Improving Your Story with Self-Editing

I recently completed some revisions on two short stories I'll be placing on Amazon soon. THE CASEBOOK OF CAROLINE RHODES will feature the main character in my "Rhodes To Murder" series, first in The Case of the Fugitive Farmer, a cold case concerning a farmer/soldier who went missing during World War I, and then in The Case of the Extra Ingredient, a present day puzzle in which Caroline witnesses a man die unexpectedly while on a whale-watching tour in Maine.

I was pleased with the stories when I first finished them. Then, while cleaning out some files, I came across a hand-out authored by Kathleen Nance, a piece on self-editing she'd written and distributed at a mystery conference. After reading the 8-page article, I decided to re-read my stories to see if I couldn't make them even better using Kathleen's advice.

Well, I could. And I did. Now all I have to do is format them for Kindle and they'll be up at Amazon in a couple of weeks. In the meantime, I thought that other writers might want to take advantage of Kathleen's advice. Yes, you've probably heard all this before from writing instructors, or at conferences featuring speeches by best-selling authors. But I think most of us can benefit from hearing it again; definitely one of the biggest reasons manuscripts are turned down by agents or publishers is because they're poorly edited.

So what does Kathleen say about improving your work? She advises writers to make their stories more concise, more accurate, more precise, more logical, more dramatic, more memorable, more vivid, and more harmonious. Does the plot make sense with a logical flow of events and clear causes and effects? Do things happen because a plot needs it, not because it's a natural outcome?

Speaking to that point, I recently read a story where a man set out one afternoon to find a certain house in a village. Darkness fell while he was walking and he switched on his flashlight. The author hadn't mentioned the man having a flashlight previous to this, so to explain its presence, she wrote -- and I won't quote her exactly -- ("He'd stopped at a store and bought one before setting out for the house."). And yes, the author did put the sentence in parentheses. This is clearly a sign of a writer making something happen because the plot needed it rather than it being a natural thing for the character to do.

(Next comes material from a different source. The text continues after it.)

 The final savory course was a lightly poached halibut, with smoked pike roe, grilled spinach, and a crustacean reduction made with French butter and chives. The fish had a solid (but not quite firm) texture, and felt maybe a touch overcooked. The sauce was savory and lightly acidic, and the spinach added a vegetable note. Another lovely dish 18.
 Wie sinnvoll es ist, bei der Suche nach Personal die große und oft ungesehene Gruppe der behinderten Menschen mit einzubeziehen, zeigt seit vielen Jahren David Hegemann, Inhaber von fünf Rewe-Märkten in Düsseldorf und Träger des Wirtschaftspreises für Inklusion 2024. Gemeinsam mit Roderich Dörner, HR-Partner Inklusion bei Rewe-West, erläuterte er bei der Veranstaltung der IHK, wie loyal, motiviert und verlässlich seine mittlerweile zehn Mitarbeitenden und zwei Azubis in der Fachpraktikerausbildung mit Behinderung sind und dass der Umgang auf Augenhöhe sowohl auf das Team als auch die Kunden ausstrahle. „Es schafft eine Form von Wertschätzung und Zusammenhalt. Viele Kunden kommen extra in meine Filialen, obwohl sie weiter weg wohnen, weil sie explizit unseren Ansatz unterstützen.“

Continuing with plot, Kathleen asks if the writer has avoided coincidences, contrivances, conveniences. With characters, do they over-react or under-react to situations? Do they grow or change? Does each scene have a purpose? Does the scene advance the internal or external tension of the plot? Does the writer establish sufficient motivation for the characters' actions? Is there too much or too little backstory, and should it be broken up or trimmed? Has the writer planted information that will become important to the reader later on? Does the writer show, not tell when it comes to establishing a character's personality, physical description, motivation, goals? Does the dialogue sound natural when read aloud?

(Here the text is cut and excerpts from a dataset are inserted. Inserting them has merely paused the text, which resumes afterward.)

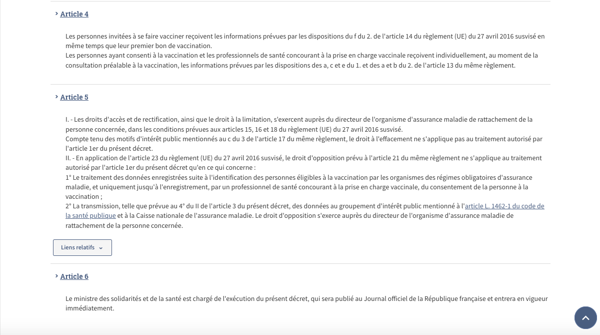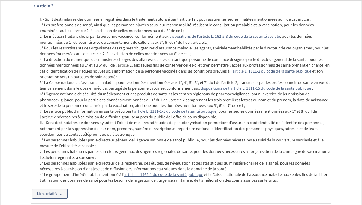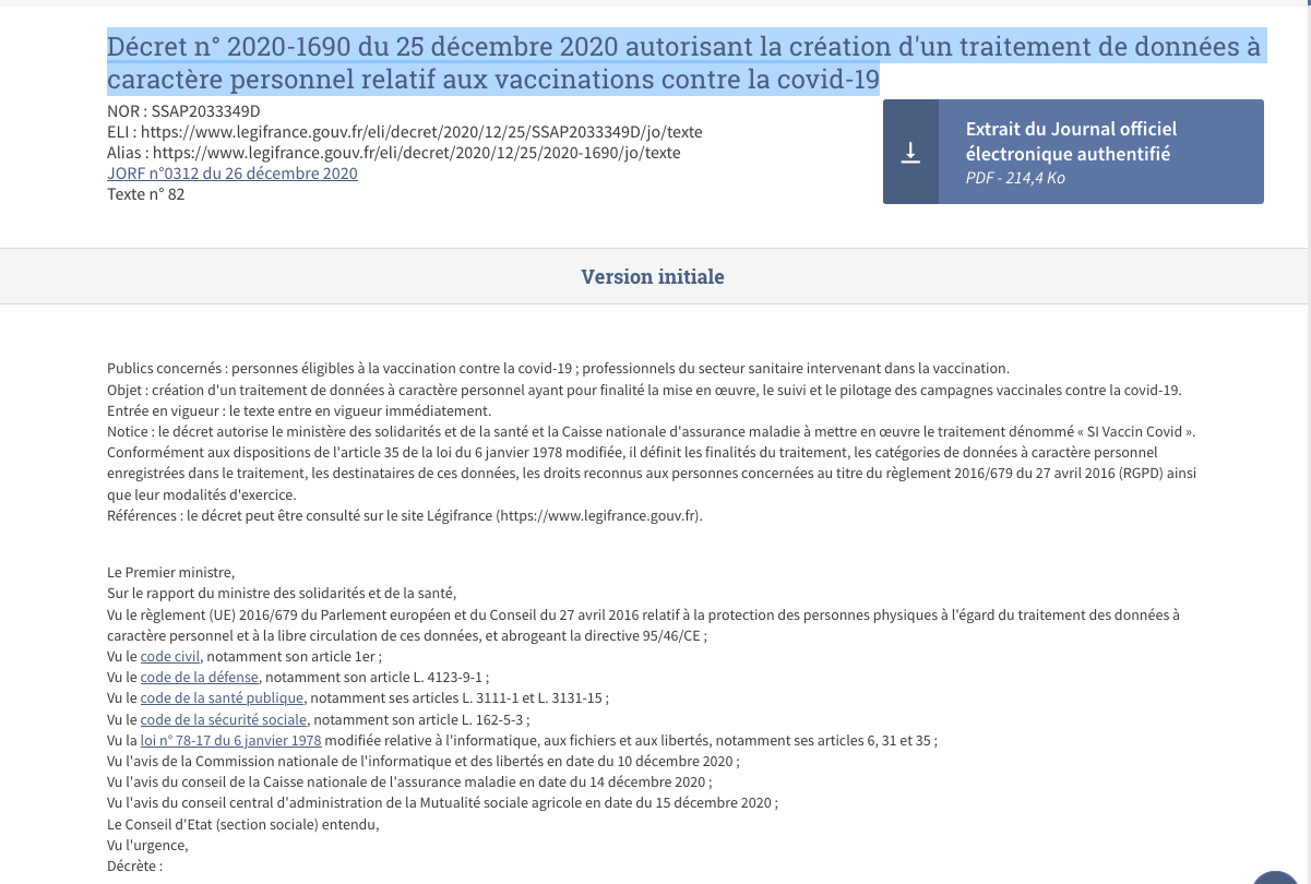 › Décret n° 2020-1690 du 25 décembre 2020 autorisant la création d’un traitement de données à caractère personnel relatif aux vaccinations contre la covid-19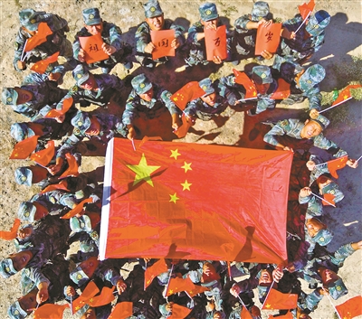陸軍第77集團(tuán)軍官兵在不同地域,同唱《我和我的祖國(guó)》,用一場(chǎng)場(chǎng)激蕩人心的軍營(yíng)“快閃”向祖國(guó)告白——“我愛(ài)你,中國(guó)”。上圖為巡邏間隙,該集團(tuán)軍“猛虎旅”官兵唱響《我和我的祖國(guó)》,與國(guó)旗合影,表達(dá)對(duì)祖國(guó)的忠誠(chéng)與熱愛(ài)。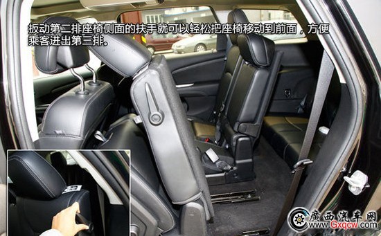 扳動第二排座椅側(cè)面的扶手就可以輕松的把座椅移動到前面,方便乘客進(jìn)出第三排。在7座的情況下,尾箱內(nèi)可以滿足一般的使用需求,蓋板的設(shè)計(jì)比較人性化,內(nèi)部可以放置一些比較隱私的物品,而在第二、三排座椅全部放倒之后的情況下,車內(nèi)的儲物空間非?捎^,并且地板非常平整。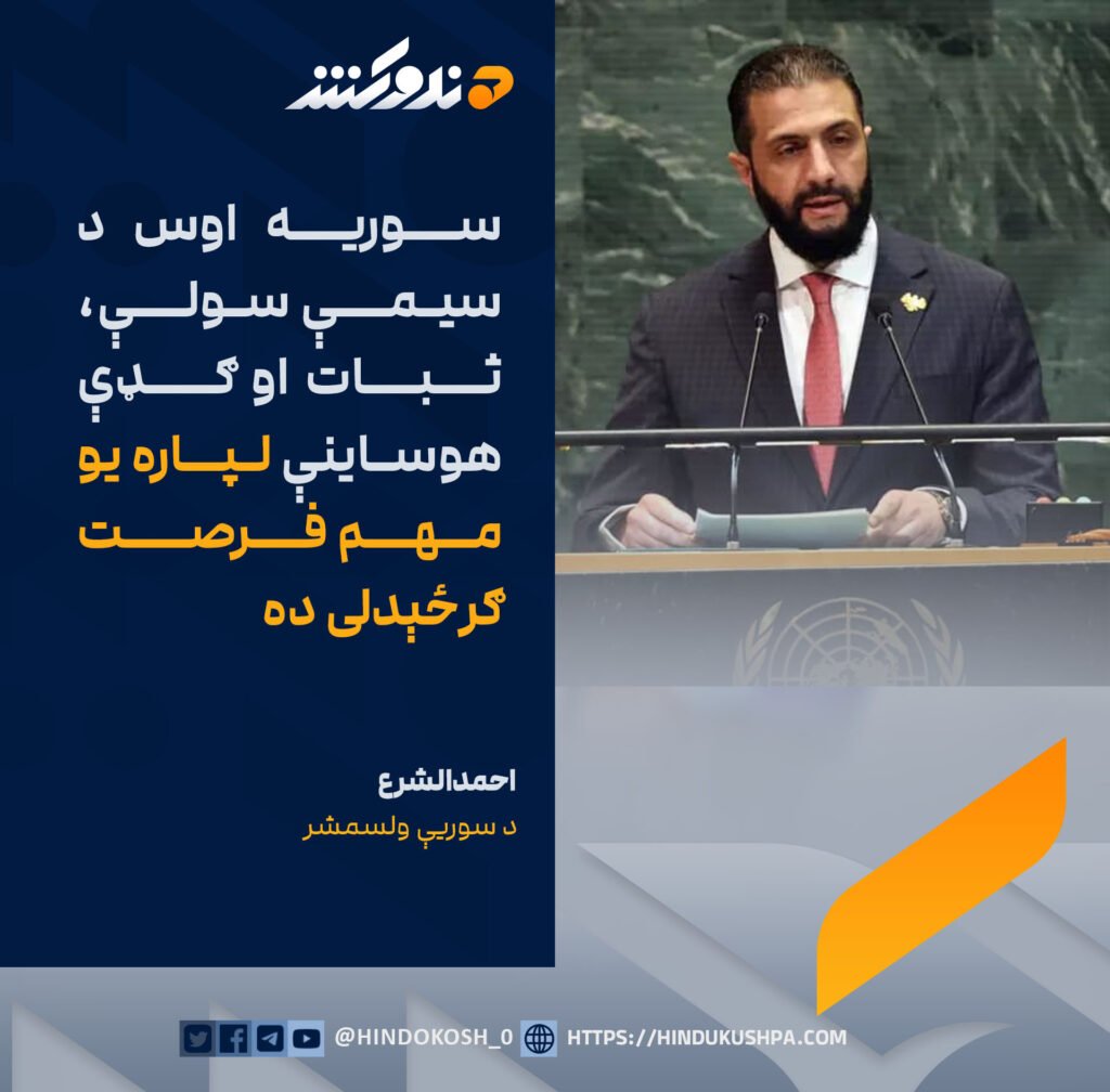 د سوریې ولسمشر احمد الشرع د ملګرو ملتونو عمومي اسمبلۍ ته په وینا کې ټینګار کړی، چې سوریه اوس د سیمې سولې، ثبات او ګډې هوساینې لپاره یو مهم فرصت ګرځېدلی ده.

And of course, has the writer obeyed the basic rules of grammar and punctuation? Used adverbs and adjectives sparingly and precisely? Resisted overuse of words, passive construction, cliches, negative phrasing, and redundancies?

As Kathleen admits, it may take several read throughs to catch all the little problems in a manuscript. But self-editing and revising gets easier with time and will undoubtedly improve your story.